## GIVEN ENTRIES:
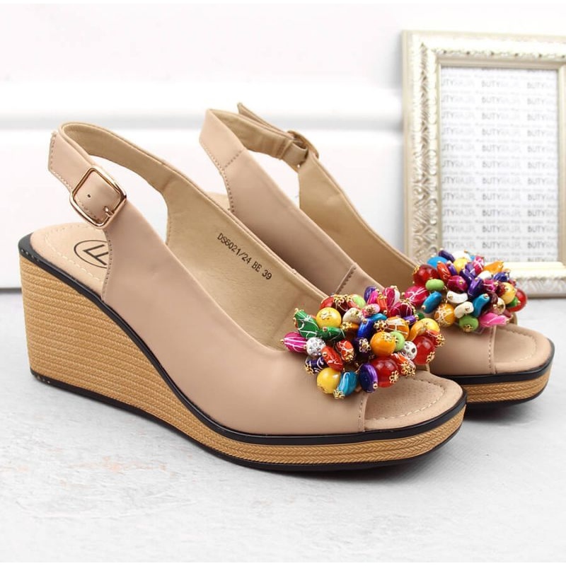 Détails: Sandales compensées en cuir avec perles colorées Filippo W PAW528 beige
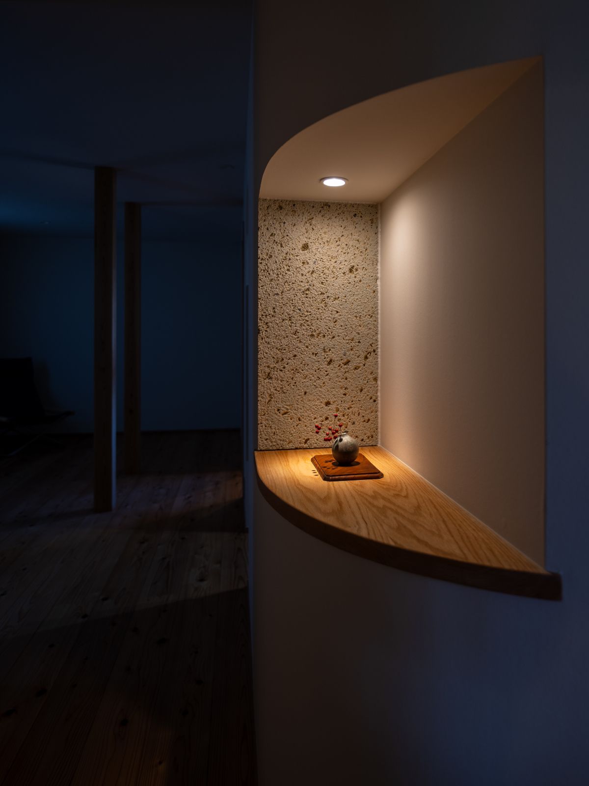 開ける閉じるの明暗をはっきりさせ、壁に寄り添いつつ視界は外へと抜けるような、ONOFFを自由に個人レベルで決められる。
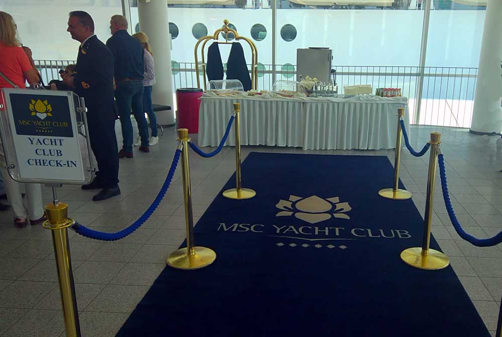 Sie treffen die Butler bereits am Terminal - bevor Sie überhaupt auf das Schiff gehen. Ein Butler kümmern sich dort um Ihr Gepäck, ein anderer begleiten Sie indessen zu dem separaten Check-in Bereich für die Gäste des Yacht Clubs.
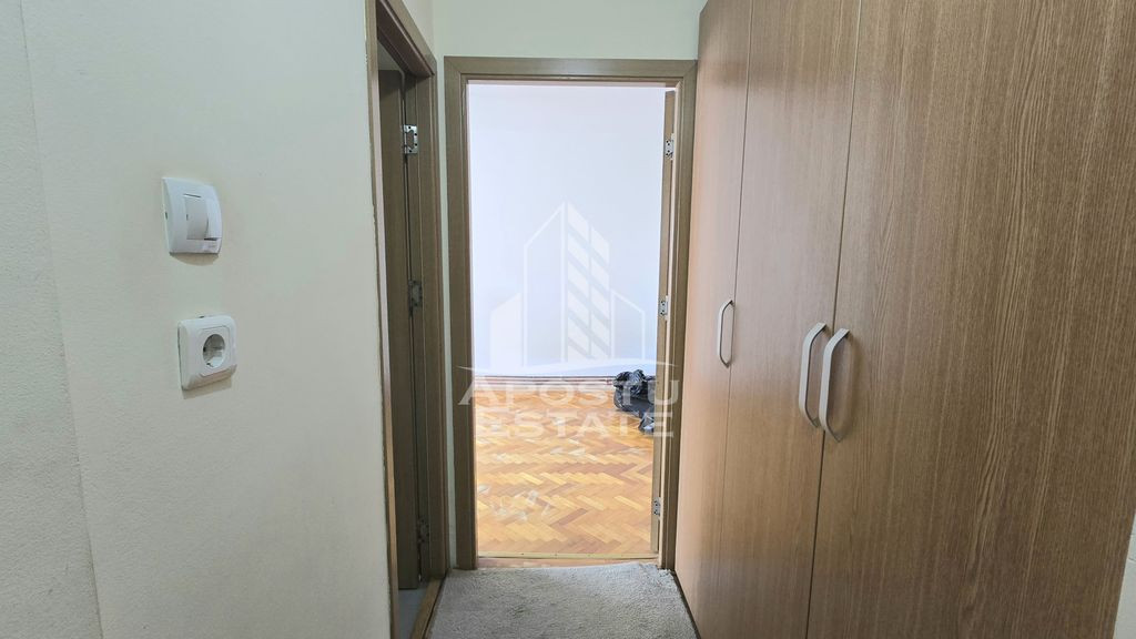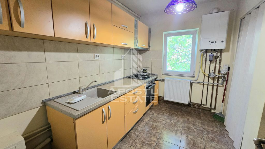 Apostu Estate va ofera spre vanzare un apartament cu 3 camere, 2 bai si 2 balcoane, situat in zona Aradului. Apartamentul se afla la etajul 4 din 4 al unui bloc izolat exterior ce beneficiaza de acoperis din tigla. Zona este linistita, apartamentul aflandu-se la cateva minute fata de market, parc, statia de autobuz sau fata de scoala si la 20 minute fata de Iulius Mall. Apartamentul are o suprafata aproximativa de 65 mp, este decomandat si compartimentat astfel: - hol de acces - bucatarie spatioasa cu loc de luat masa si camara - living spatios prevazut cu balcon - hol intermediar - dormitor - baie principala cu cada si geam pentru aerisire - dormitor prevazut cu balcon - baie de serviciu Confortul termic este realizat prin centrala proprie, dar si prin intermediul aparatului de aer conditionat. Oferim consultanta bancara prin colaboratorii nostri pentru alegerea celui mai potrivit credit. Disponibil imediat! Va asteptam cu drag la o vizionare chiar astazi!
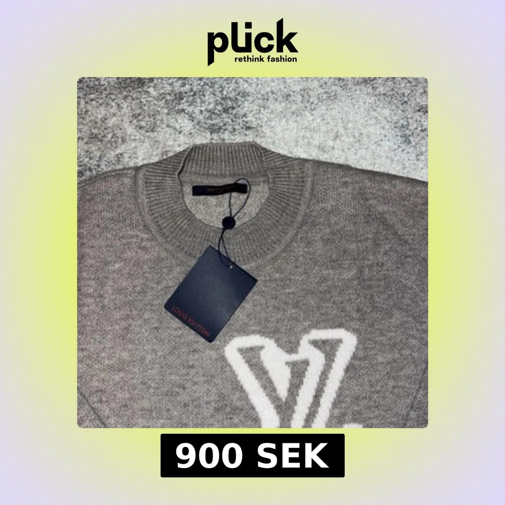 Snygg grå stickad tröja från Louis Vuitton med stort vitt LV-logo på bröstet. Rund hals och ribbade muddar vid ärmslut och nederkant. Perfekt för dig som gillar exklusiva märken och vill ha en stilren look.
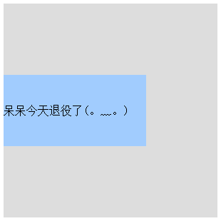 <div id="box"> <div id="child">呆呆今天退役了(。﹏。)</div></div></pre>css代碼:#box { width: 300px; height: 300px; background: #ddd; position: relative;} #child { width: 200px; height: 100px; background: #A1CCFE; position: absolute; top: 0; bottom: 0; margin: auto; line-height: 100px;}運行結(jié)果如下:
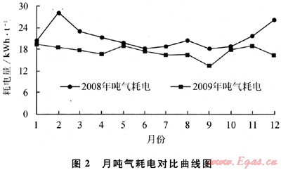 圖2為2008年和2009年LNG接收站月噸氣耗電對比圖,2009年的月平均噸氣耗電指標相應(yīng)下降,但年度用氣高峰階段5~11月份的下降幅度低于12~4月份年度用氣低谷階段。
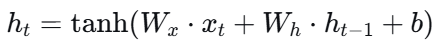 h = np.tanh(np.dot(Wx,x) + np.dot(Wh,h) + b)
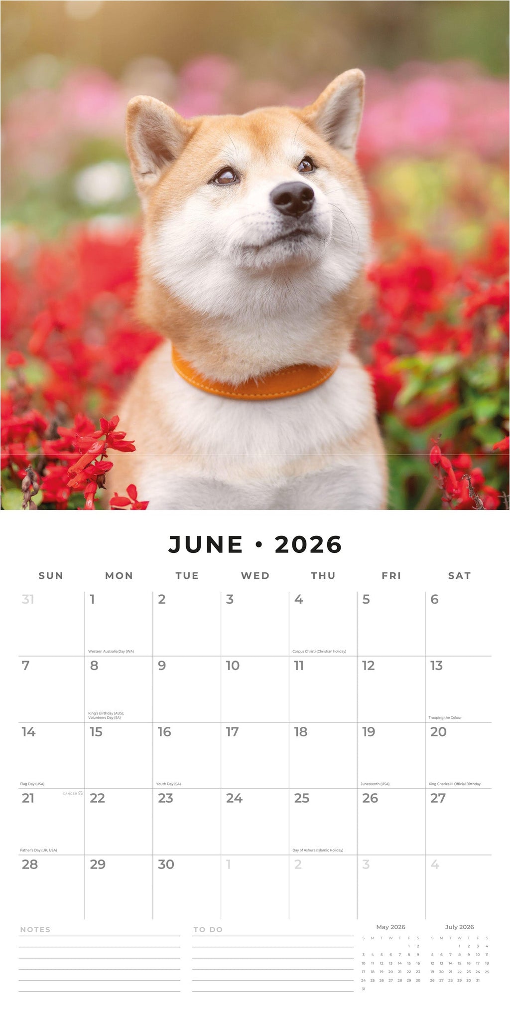 Packaged in a 100% plastic-free, sustainable, FSC-certified envelope, this 2026 Shiba Inu Square Wall Calendar from Red Robin Publishing Ltd includes 12 months plus 4 bonus months, providing extended planning and a full year of enjoyment. .
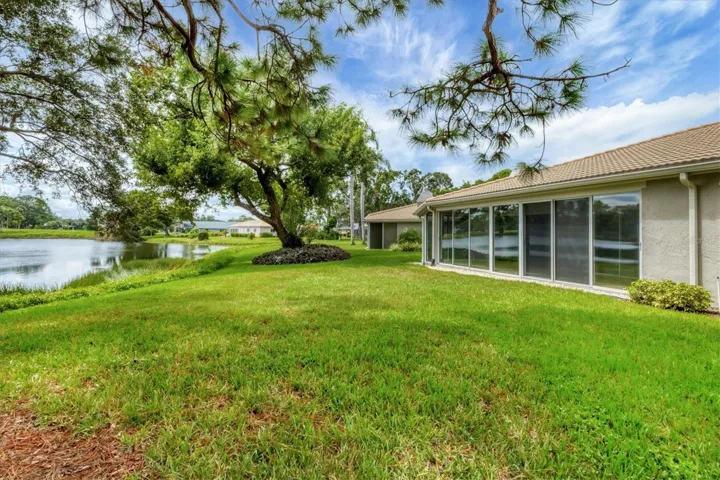 Lovely location on a cul-de-sac of swaying palms, Papillon consists of private enclaves of maintenance free-villas in The Meadows. You will be greeted by a paver sidewalk leading to the front entry with sidelight. Upon entry, wood flooring from the living room and dining room flow to form a cohesive foundation. The kitchen has a breakfast nook or space for cozy family dining. The living room with high ceilings leads to a wall of sliders opening onto a spacious glassed-in lanai offering you gorgeous water views framed by mossy Live Oak trees. The lanai floor was raised to allow flow from the living room and expands the living space and peaceful views. A fireplace with convenient electric insert provides ambiance on those cooler evenings. The spacious primary bedroom features an ensuite bathroom featuring split dual sinks, shower/tub combo, and ample walk-in closet. The guest bedroom is large and just steps away from the guest bathroom with shower/tub combo. A laundry closet houses the full-size washer and dryer and extra storage. Two car garage with extra depth for storage or workbench space and water heater 2017. Peace of mind with block construction and new tile roof 2012, exterior painted, new downspouts and window shutters, HVAC 2017. Above flood plain in zone x. Enjoy the most delightful resort-style heated community pool just steps away on its own private island for a quick dip or meet neighbors for an outdoor happy hour. Walk to The Meadows Shopping Village for restaurants, a new neighborhood pub, hair salon, massage therapist, and other convenient services. Papillon HOA has fully-funded reserves and takes pride in a well-managed neighborhood. Live in a friendly and very active community with 24 hour safety patrol and enjoy the carefree Florida lifestyle! The Meadows offers 54 holes of golf, a highly regarded tennis complex with 15 lighted Har-Tru courts, Jr. Olympic swimming pool with spa, private dog park, basketball, new fitness center, and 10 new pickleball courts. All located within 1,650 acres of tropical mature landscaping with miles of trails, wildlife preserves and over 80 lakes and ponds, while convenient to all that Sarasota offers! Minutes to luxury shopping and dining at UTC Mall, Mote SEA, Nathan Benderson Park for water sports and miles of recreational opportunities, downtown Sarasota for art and cultural activities and world class Gulf beaches.
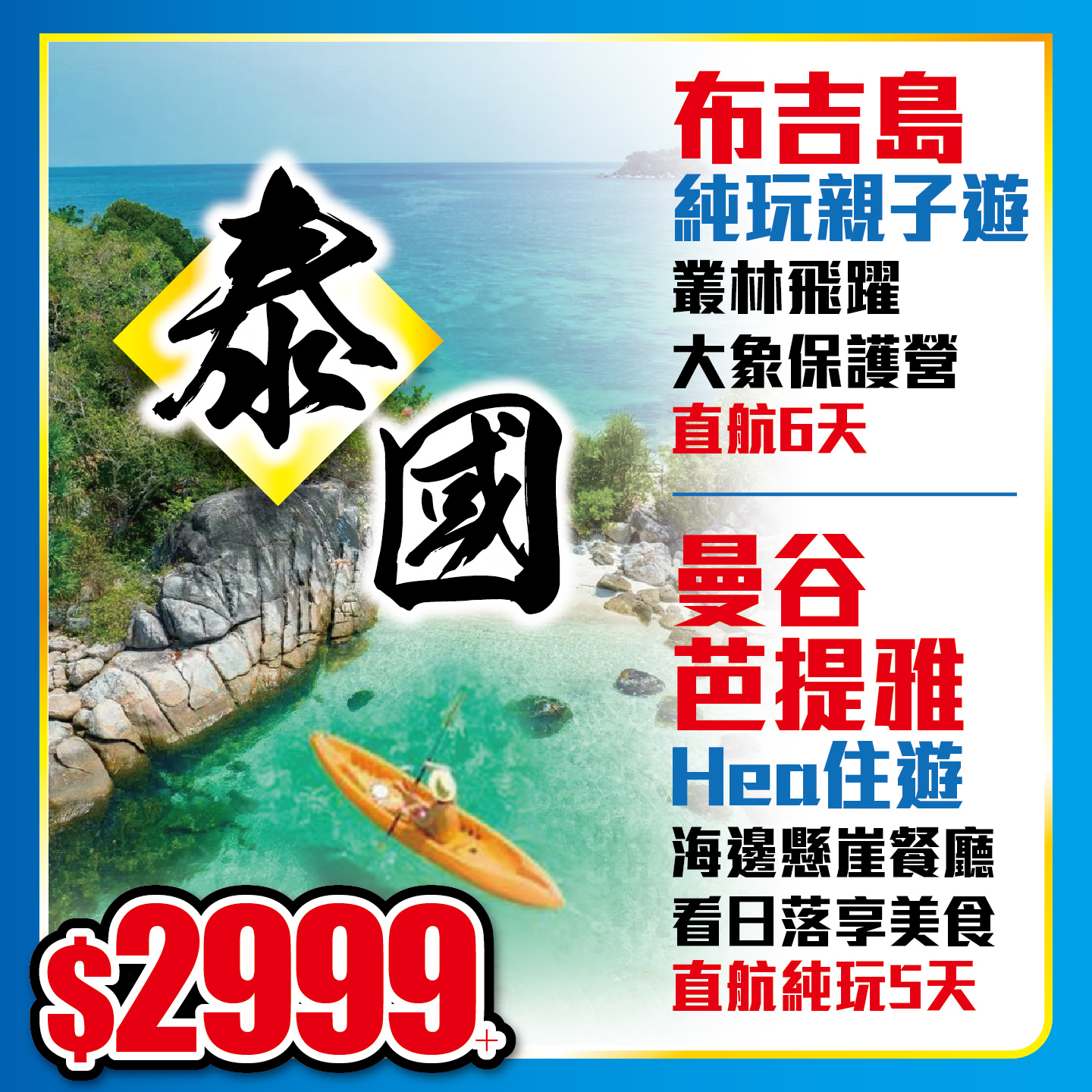 新線推介-泰國布吉島 純玩親子遊 叢林飛躍 大象保護營 直航;曼谷芭提雅Hea住遊 海邊懸崖餐廳 看日落享美食 直航!2024-05-09
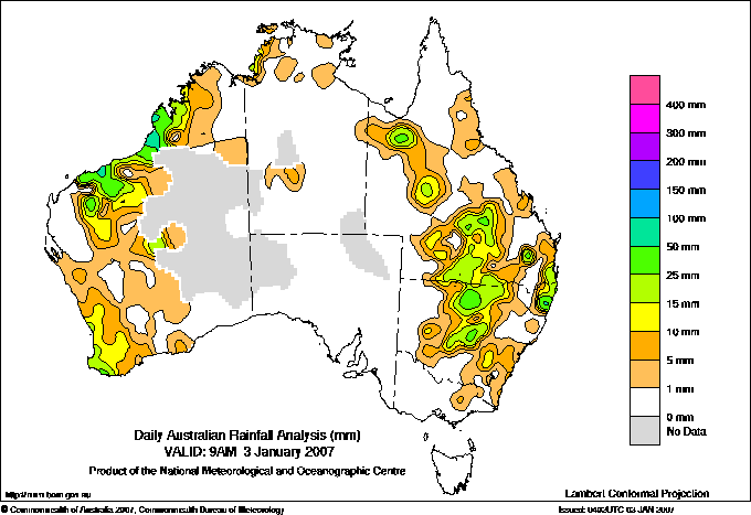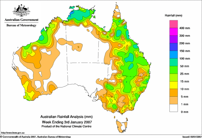 WA: Also a year of extremes. While average rainfall across WA during 2007 was the eighth highest since 1900, this masked extremes from north to south. In much of the north it was an exceptionally wet year, while the west coast and South West experienced well below average rain with parts of the coastal fringe, including Perth, having their driest year on record. Full reports for the state and Perth.

## WORK INSTRUCTIONS:
Once the pictures are removed, return the entries exactly as they stand.

## SOLVED EXERCISE:
 Détails: Sandales compensées en cuir avec perles colorées Filippo W PAW528 beige
 開ける閉じるの明暗をはっきりさせ、壁に寄り添いつつ視界は外へと抜けるような、ONOFFを自由に個人レベルで決められる。
 Sie treffen die Butler bereits am Terminal - bevor Sie überhaupt auf das Schiff gehen. Ein Butler kümmern sich dort um Ihr Gepäck, ein anderer begleiten Sie indessen zu dem separaten Check-in Bereich für die Gäste des Yacht Clubs.
 Apostu Estate va ofera spre vanzare un apartament cu 3 camere, 2 bai si 2 balcoane, situat in zona Aradului. Apartamentul se afla la etajul 4 din 4 al unui bloc izolat exterior ce beneficiaza de acoperis din tigla. Zona este linistita, apartamentul aflandu-se la cateva minute fata de market, parc, statia de autobuz sau fata de scoala si la 20 minute fata de Iulius Mall. Apartamentul are o suprafata aproximativa de 65 mp, este decomandat si compartimentat astfel: - hol de acces - bucatarie spatioasa cu loc de luat masa si camara - living spatios prevazut cu balcon - hol intermediar - dormitor - baie principala cu cada si geam pentru aerisire - dormitor prevazut cu balcon - baie de serviciu Confortul termic este realizat prin centrala proprie, dar si prin intermediul aparatului de aer conditionat. Oferim consultanta bancara prin colaboratorii nostri pentru alegerea celui mai potrivit credit. Disponibil imediat! Va asteptam cu drag la o vizionare chiar astazi!
 Snygg grå stickad tröja från Louis Vuitton med stort vitt LV-logo på bröstet. Rund hals och ribbade muddar vid ärmslut och nederkant. Perfekt för dig som gillar exklusiva märken och vill ha en stilren look.
 <div id="box"> <div id="child">呆呆今天退役了(。﹏。)</div></div></pre>css代碼:#box { width: 300px; height: 300px; background: #ddd; position: relative;} #child { width: 200px; height: 100px; background: #A1CCFE; position: absolute; top: 0; bottom: 0; margin: auto; line-height: 100px;}運行結(jié)果如下:
 圖2為2008年和2009年LNG接收站月噸氣耗電對比圖,2009年的月平均噸氣耗電指標相應(yīng)下降,但年度用氣高峰階段5~11月份的下降幅度低于12~4月份年度用氣低谷階段。
 h = np.tanh(np.dot(Wx,x) + np.dot(Wh,h) + b)
 Packaged in a 100% plastic-free, sustainable, FSC-certified envelope, this 2026 Shiba Inu Square Wall Calendar from Red Robin Publishing Ltd includes 12 months plus 4 bonus months, providing extended planning and a full year of enjoyment. .
 Lovely location on a cul-de-sac of swaying palms, Papillon consists of private enclaves of maintenance free-villas in The Meadows. You will be greeted by a paver sidewalk leading to the front entry with sidelight. Upon entry, wood flooring from the living room and dining room flow to form a cohesive foundation. The kitchen has a breakfast nook or space for cozy family dining. The living room with high ceilings leads to a wall of sliders opening onto a spacious glassed-in lanai offering you gorgeous water views framed by mossy Live Oak trees. The lanai floor was raised to allow flow from the living room and expands the living space and peaceful views. A fireplace with convenient electric insert provides ambiance on those cooler evenings. The spacious primary bedroom features an ensuite bathroom featuring split dual sinks, shower/tub combo, and ample walk-in closet. The guest bedroom is large and just steps away from the guest bathroom with shower/tub combo. A laundry closet houses the full-size washer and dryer and extra storage. Two car garage with extra depth for storage or workbench space and water heater 2017. Peace of mind with block construction and new tile roof 2012, exterior painted, new downspouts and window shutters, HVAC 2017. Above flood plain in zone x. Enjoy the most delightful resort-style heated community pool just steps away on its own private island for a quick dip or meet neighbors for an outdoor happy hour. Walk to The Meadows Shopping Village for restaurants, a new neighborhood pub, hair salon, massage therapist, and other convenient services. Papillon HOA has fully-funded reserves and takes pride in a well-managed neighborhood. Live in a friendly and very active community with 24 hour safety patrol and enjoy the carefree Florida lifestyle! The Meadows offers 54 holes of golf, a highly regarded tennis complex with 15 lighted Har-Tru courts, Jr. Olympic swimming pool with spa, private dog park, basketball, new fitness center, and 10 new pickleball courts. All located within 1,650 acres of tropical mature landscaping with miles of trails, wildlife preserves and over 80 lakes and ponds, while convenient to all that Sarasota offers! Minutes to luxury shopping and dining at UTC Mall, Mote SEA, Nathan Benderson Park for water sports and miles of recreational opportunities, downtown Sarasota for art and cultural activities and world class Gulf beaches.
 新線推介-泰國布吉島 純玩親子遊 叢林飛躍 大象保護營 直航;曼谷芭提雅Hea住遊 海邊懸崖餐廳 看日落享美食 直航!2024-05-09
 WA: Also a year of extremes. While average rainfall across WA during 2007 was the eighth highest since 1900, this masked extremes from north to south. In much of the north it was an exceptionally wet year, while the west coast and South West experienced well below average rain with parts of the coastal fringe, including Perth, having their driest year on record. Full reports for the state and Perth.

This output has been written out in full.